For people who have not been following the blog for any length of time, that was not a compliment. My mechanical abilities are… lacking. Entirely. Spectacularly. Electric drills confuse me, and it goes downhill from there.
I’m not sure how to describe this.
Imagine someone led a horse onto a piece of plywood and cobbled together some solid metal walls that went up about as far as the horse’s chest. Now imagine they realized they would need a roof, so they added some posts at the corners and added stock trailer-ish slats on the two long sides. Then they added a gate behind and tarped the top. With canvas. Who needs a waterproof roof, anyway?
If you’ve been paying attention, you realize the horse’s head and neck are currently having over a chest-high wall with nothing containing it. That’s ok—the trailer owner caught that, too. And built a box around the head and neck. And added a second tarp over the head and neck box.

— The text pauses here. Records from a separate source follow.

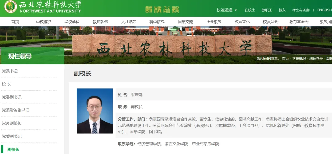 近日,西北农林科技大学官网现任领导栏更新显示,张宏鸣已任西北农林科技大学副校长。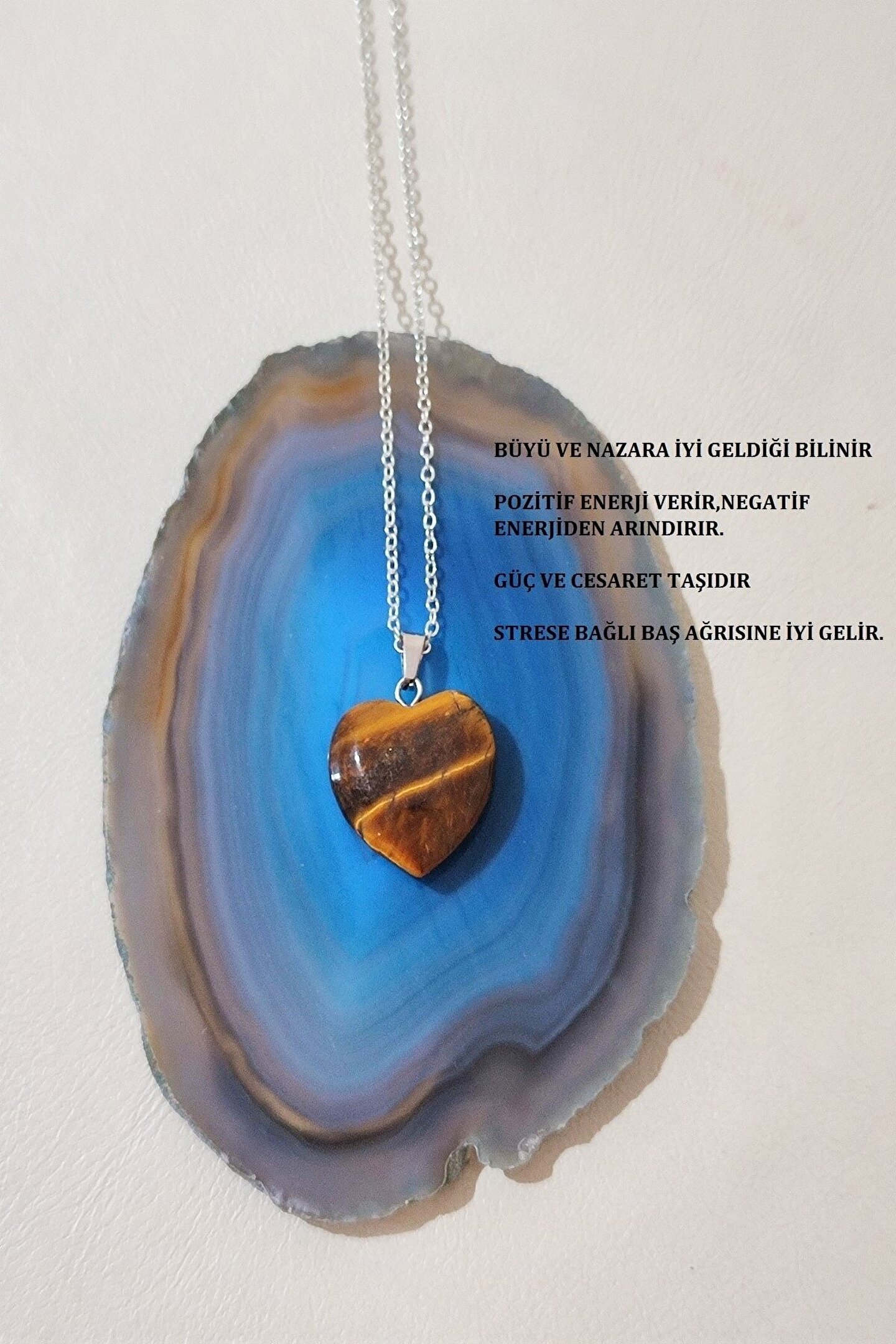 Doğal taş kullanımı sayesinde her kolye benzersiz ve otantik bir görünüm sunar; Sertifikalı kaplangözü kalp doğaltaşı, hem şıklığı hem de doğallığı bir arada barındırır; Kaliteli malzemeler kullanılarak üretilmiş olup, uzun süreli kullanım için idealdir; Özel tasarımıyla dikkat çeken bu kolye, günlük kullanımda bile zarif bir aksesuar olarak öne çıkar;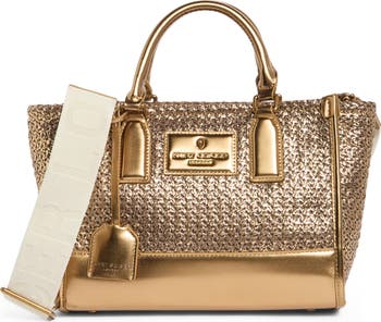 Glam up your look with this metallic handbag featuring woven panels, rolled top handles and a removable, adjustable strap.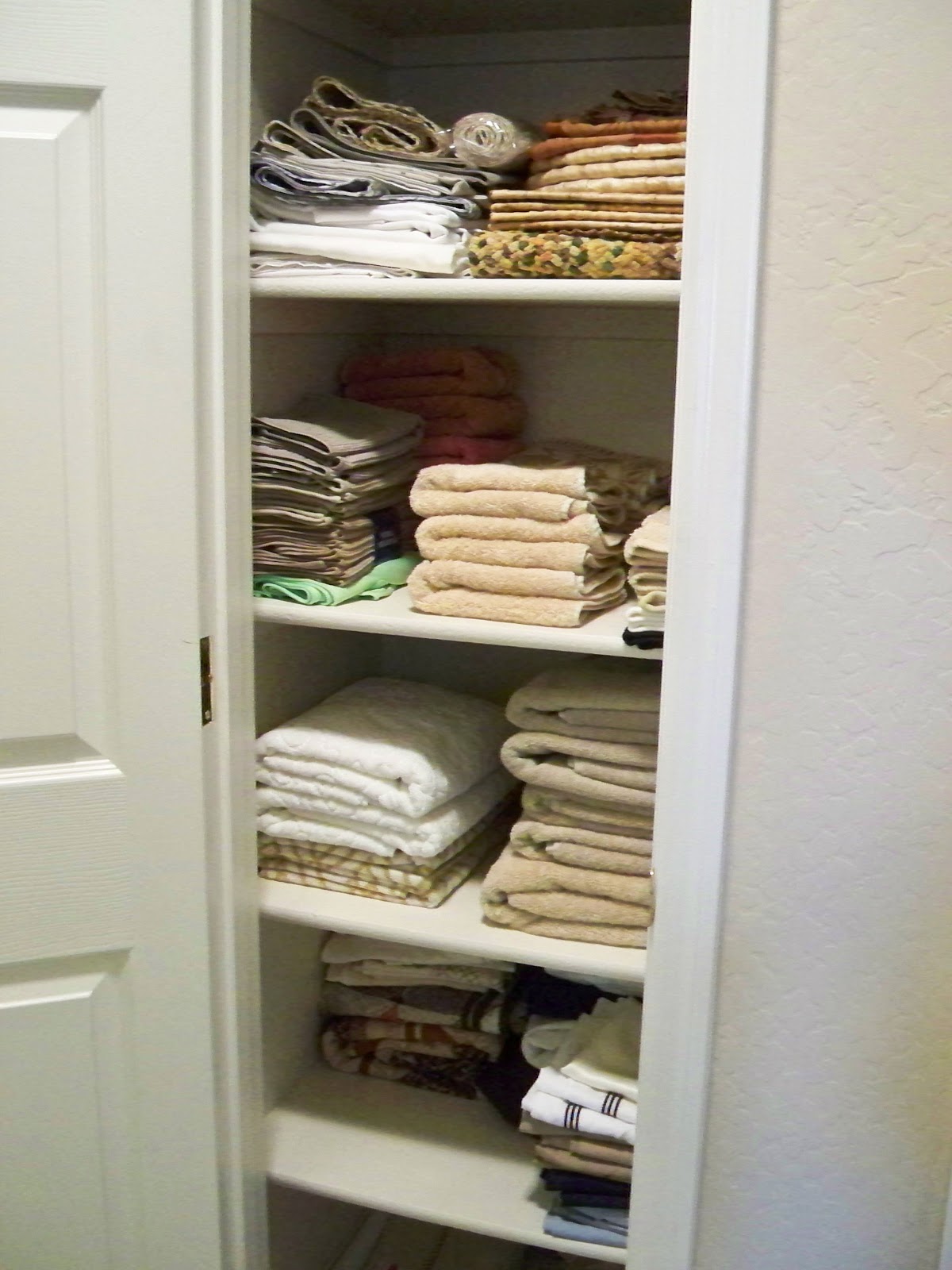 This is what we really use, so this is what I kept.  The top shelf is place mats and table runners.  Next is hand towels, wash cloths and kitchen towels on the left.  Third shelf is bath towels.  Bottom shelf is guest room sheets in the back, pillow cases on the right and an open spot for some new King Sheets.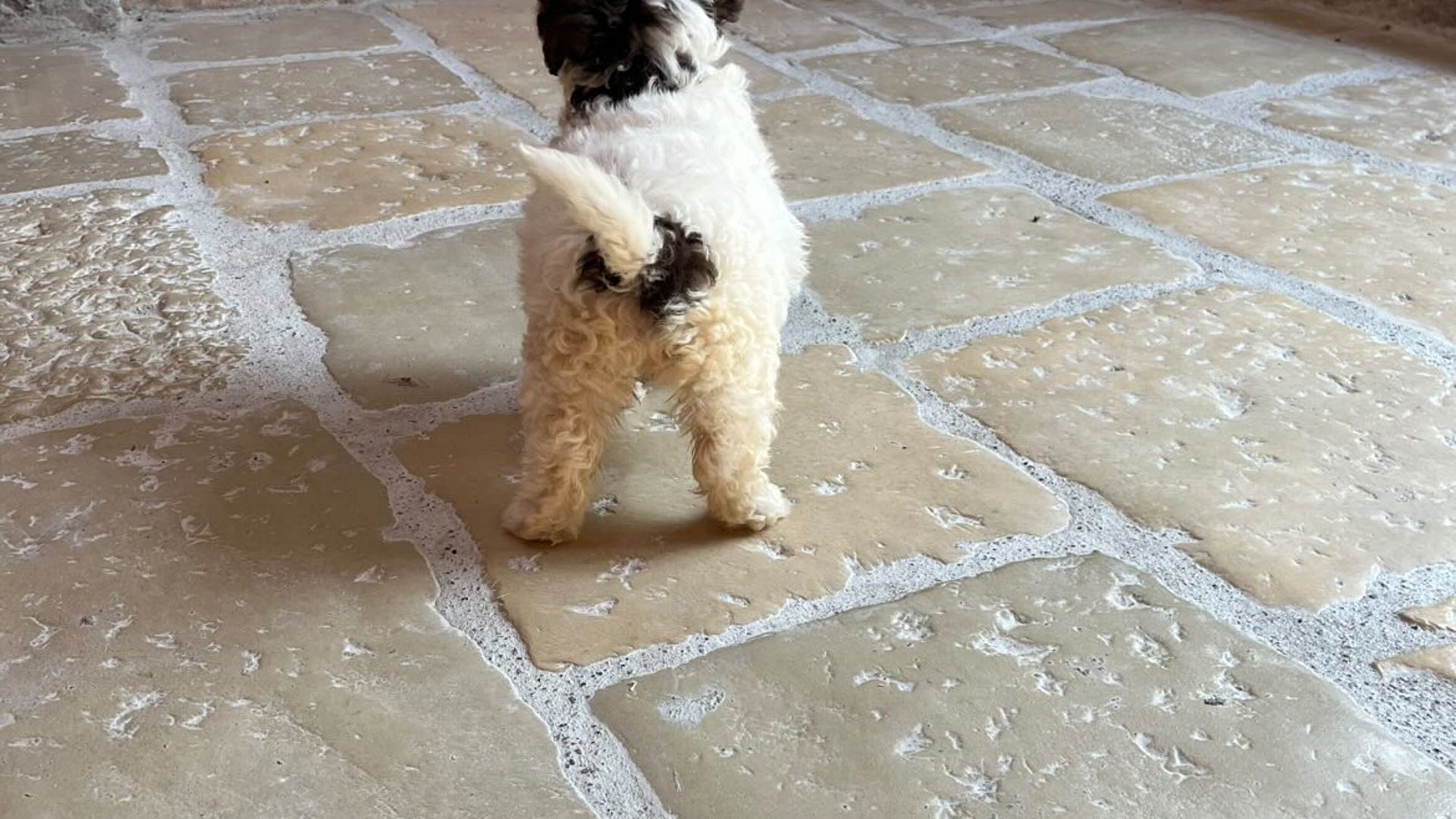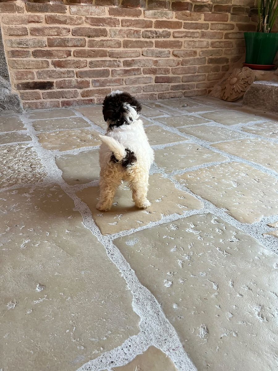 Dal punto di vista estetico, è una cucciola davvero unica: il suo soffice mantello riccio color avorio è impreziosito da una simpatica macchia marrone che circonda la codina, un dettaglio che la rende inconfondibile. Il suo musino dolce e furbetto conquista al primo sguardo, con quegli occhioni vivaci che sembrano sorridere sempre.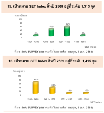 ขณะที่ดัชนี SET Index ในไตรมาส 4 ปี 2568 คาดว่าจะเคลื่อนไหวในกรอบ 1,234 ถึง 1,356 จุด และจะปิดสิ้นปีที่ระดับ 1,313 จุด ก่อนจะขยับขึ้นไปแตะ 1,415 จุด ณ สิ้นปี 256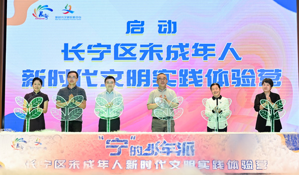 人民網上海9月27日電 今天下午,“‘寧’的少年派”長寧區未成年人新時代文明實踐體驗營開營儀式暨“少年·志”—“寧”課堂首場宣講活動舉行;顒又荚跒檫M一步加強和改進新形勢下未成年人思想道德建設工作,搭建起未成年人成長成才的一體化實踐“大”平臺。上海市文明辦副主任馮芳及區相關部門主要領導和市三女中500名同學參加本次活動。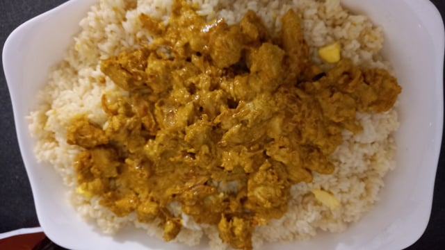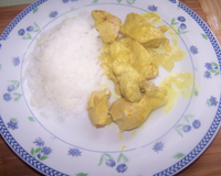 C'est un riz cuit à la vapeur accompagné d'une sauce à base de d'escalope de dinde coupé en petit dés, cuit au curry et rehaussé par de la crème fraîche.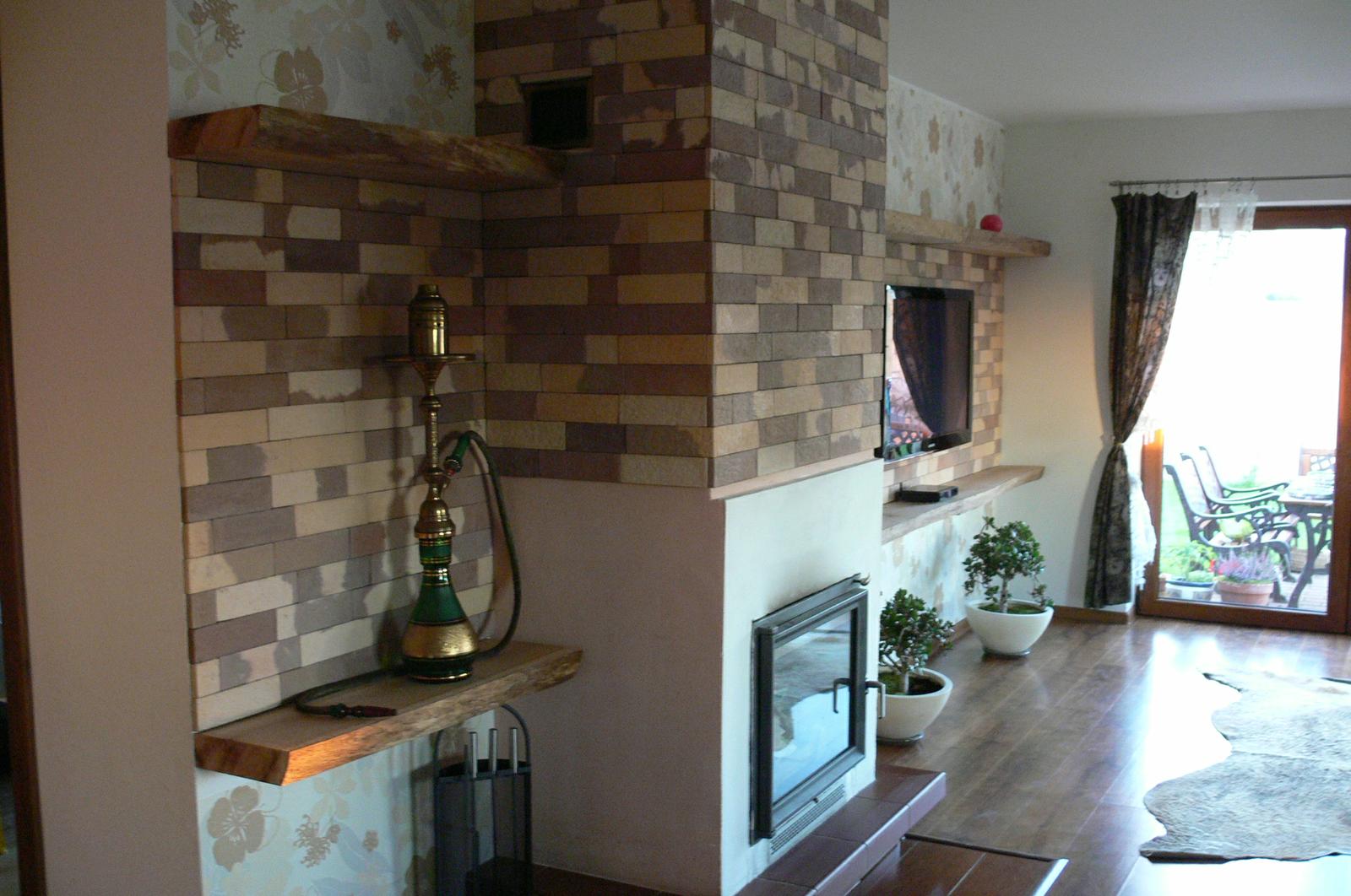 Ahoj, ja som urobila svoju obyvaciu stenu takto, je to kombinacia obkladu, tapety a drevenych masivov, tie sa natru podla potreby na pozadovany otien. Este na krb nejaky pekny portal, dorobit obklad z boku a bude to hotovo. Mozno ta to inspiruje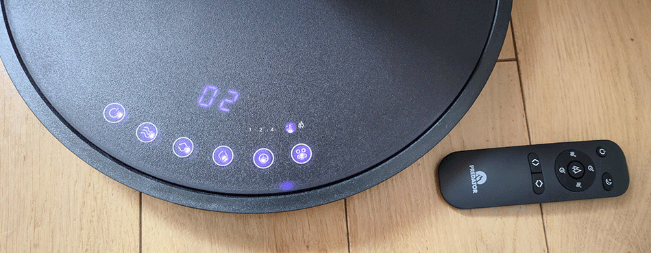 Le ventilateur Predator F20B est livré avec une télécommande qui permet, très logiquement, de sélectionner les fonctions à distance. Mais vous pouvez aussi utiliser les touches tactiles disponibles sur la base.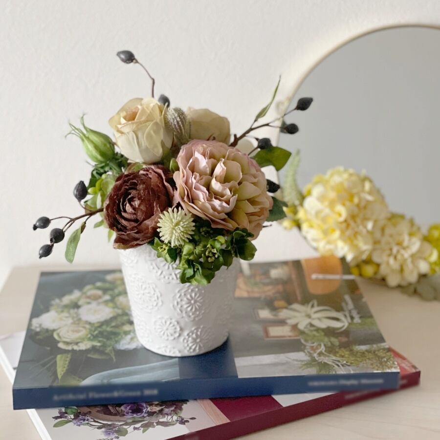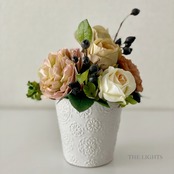 バラ、ラナンキュラス、ブロッサムスプレーなどのアーティフィシャルフラワーを柄の入った陶器の器にアレンジしています。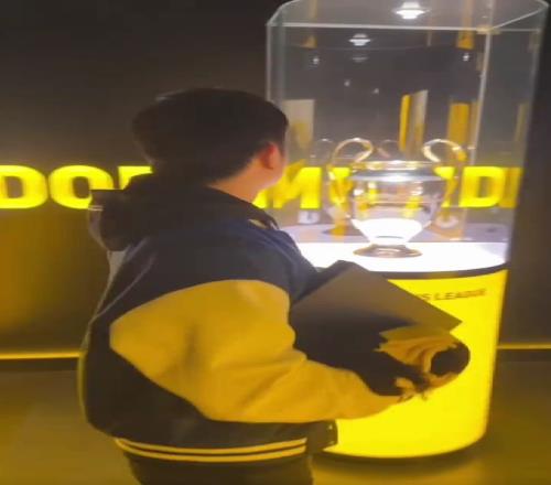 比賽開始之前,波爾帶著樊振東去多特蒙德的獎杯陳列室參觀,首先映入眼簾的是歐冠獎杯,1997年多特蒙德。在1997年歐冠決賽,多特蒙德在慕尼黑奧林匹克球場以?3-1戰(zhàn)勝尤文圖斯?,首奪歐冠冠軍,也是德甲歷史上除拜仁外唯一奪得過歐冠的球隊(duì)。

I can only assume they didn’t want to waste the metal that would be required to make the trailer longer overall or something, so they just built it around the horse, in the shape of the horse. But don’t worry—the horse had at least 6” on any side of him to move around, and that’s plenty, right?
Then the trailer builder put the whole contraption on a single axle, hitched it up, and headed down the road.
The horse was a whole lot calmer than I would have been riding in that thing. Or else it was afraid to move and risk knocking off one of the walls.
I don’t have photos of the actual trailer, but it generally looked something like this.
Only it wasn’t quite so classy or solid looking.
Actually, I should have flagged down the driver. It was probably worth about $4.86.
Ro is healthy and is easing back into work.
I went from feeling great at lunch to feeling like I’ve been hit by a truck, so I suspect I am succumbing to a cold or flu or something equally unpleasant.
Oh, winter, how I hate you.
But perhaps the best moment of the past week:
Ro’s attitude had perked up and she was showing interest in food again. Actually, she was showing quite a lot of interest—in molasses.
I’d prepped her food and put it on the locker outside her stall while I ran to the car to get the molasses.
When I came back, Ro was peering intently over the stall wall at something just beyond the tack locker. Her ears were locked forward and she was practically quivering, she was so intent.
Turns out, she’d knocked the bucket of food over.
She stared at the spilled food, looked at me, stared at the spilled food. Looked at me. Stared at the food.
I put the empty bucket back on the locker. Too close to her, as it turned out—she shoved her nose in it, and, when she discovered it was empty, shoved it off the locker.
Stared at the spilled food. Looked at me. Stared at the spilled food.
It’s times like those that I really, really wish I knew what they were thinking.
Just what did she think the food was going to do?!